The UN documented 4,921 civilian casualties since June, “a one percent increase in total civilian casualties compared with the same period in 2014. The vast majority of civilian casualties (90 percent) resulted from ground engagements, improvised explosive devices, complex and suicide attacks and targeted killings.”

Perhaps most tellingly, 103,000 Afghans were displaced from their homes in the first half of 2015, a 77 percent increase compared to the same period last year. The largest number of displaced persons — by far — was recorded in Kunduz Province, the U.N. reported.

International security expert Jason Campbell studies Afghanistan for Virginia-based RAND Corporation. He was in northern Afghanistan last October. The Taliban surge inside Kunduz this week should not surprise, he said in an interview with the National Post. “This wasn’t an overnight sensation,” he said. “The tension has been rising in Kunduz for a number of years. It’s been a persistent simmer.”

Yet the city was left vulnerable. The number of assets on the ground isn’t as important as their capabilities. Kunduz was beset by “an economy of force,” Campbell says, with the best of the ANSF assigned elsewhere. Kunduz was reliant on Afghan Local Police, a thinly trained and equipped mix of militiamen and uneducated villagers whose loyalties have frequently been questioned.

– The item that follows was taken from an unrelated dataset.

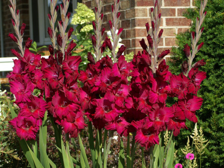 Вырастает гладиолус Плум Тарт к июлю до 120см. Цветки 12-14 см в диаметре, формируют широкое соцветие. Лепестки гладиолуса этого сорта бархатистые, насыщенного глубокого красного цвета у основания и малиново-фиолетового цвета по краям с легкой гофрировкой.| Высаживайте луковицы гладиолуса Plum Tart по 10-12 шт рядом с белыми и очень светлыми сортами, чтобы подчеркнуть его яркость. В саду отведите им место на фоне сочной зелени хвойных или вечнозелёных кустарников по типу самшит. Гладиолус Плум Тарт очень хорош в срезке, не нуждается ни в каких дополнениях для создания шикарного букета, если только в небольшом количестве ажурной зелени.

There is a peculiar socio-cultural dynamic in the province as well. Kunduz has one of the most diverse ethnic mixes in Afghanistan; the majority of the population is Pashtun, a tribal people who also dominate the south, in provinces such as Kandahar, and northwestern Pakistan. The Taliban have exploited ethnic divisions wherever possible to undermine the national government’s efforts.

“There have been reports of extrajudicial acts against the Pashtuns in Kunduz” by members of other ethnic groups, Campbell noted. In an effort to balance interests in the province, President Ghani appointed Omar Safi as governor in December. Safi is Pashtun.

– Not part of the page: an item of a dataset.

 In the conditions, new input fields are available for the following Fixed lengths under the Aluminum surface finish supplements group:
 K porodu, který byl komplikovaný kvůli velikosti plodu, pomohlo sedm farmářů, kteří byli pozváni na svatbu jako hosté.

The fact that Kunduz was overrun by Taliban on Safi’s watch — and that Safi was absent, reportedly abroad during the siege — could “be seen as something of an indictment of Ghani,” Campbell said.

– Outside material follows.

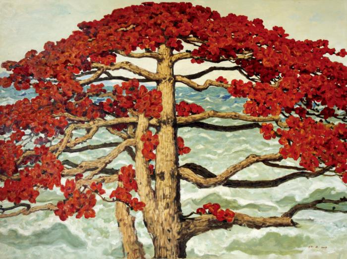 在建设国际一流湾区和世界级城市群宏伟目标的感召下,我在2019年创作了油画《湾区潮湧木棉红》(150×5000px)。如何用油画反映这一令人心潮澎湃的国家重大战略呢?我思绪万千,熟悉的珠三角、珠江口一幕幕景象浮现在我的脑海中,最后,我定格在象征着奋斗不息英雄的红棉树,它是珠三角大湾区人们熟悉的乔木。画面中的主体是一株异常高大、粗壮茂盛的红棉树,主干笔挺、叶落花开,红彤彤的花瓣鲜艳而厚实,轮生的枝干像千手佛有力地向四周展开。

The question now, of course, is whether the Taliban can continue to mass and reassert the control they once had in other Afghan provinces, including Kandahar. Events this week suggest the future depends on how Afghanistan’s allies respond.

After all that’s be spent in Afghanistan since 2001, with disappointing if not predictable results, it’s unlikely that Ottawa — or Washington, London and Paris — would consider increasing their military commitments to what is arguably a lost cause.

“I think that from a strategic perspective, Afghanistan was never a winnable war,” Thomas Johnson director of culture and conflict studies at the Naval Postgraduate School in Monterey, Ca., told National Public Radio’s Tom Ashbrook this week, after the fall of Kunduz. “We’ve had many, many politicians, military folks and analysts that have tried to wish a reality onto Afghanistan, and they’ve been wrong, time and time again.”

No more troops, but more treasure will be spent. Canada’s top diplomat in Kabul explained earlier this year that Canada has committed another $227 million towards development assistance in Afghanistan, through 2017, and another $330 million to supply the lacklustre ANSF. “There is a buzz in the air these days in Afghanistan, a sense of optimism, and I think we all feel it,” wrote Deborah Lyons, in her February, 2015 public “dispatch.”

Canadians are understandably skeptical of the tired “optimism” refrain. That buzz in the air wasn’t the sound of peace. It was the Taliban, on the march.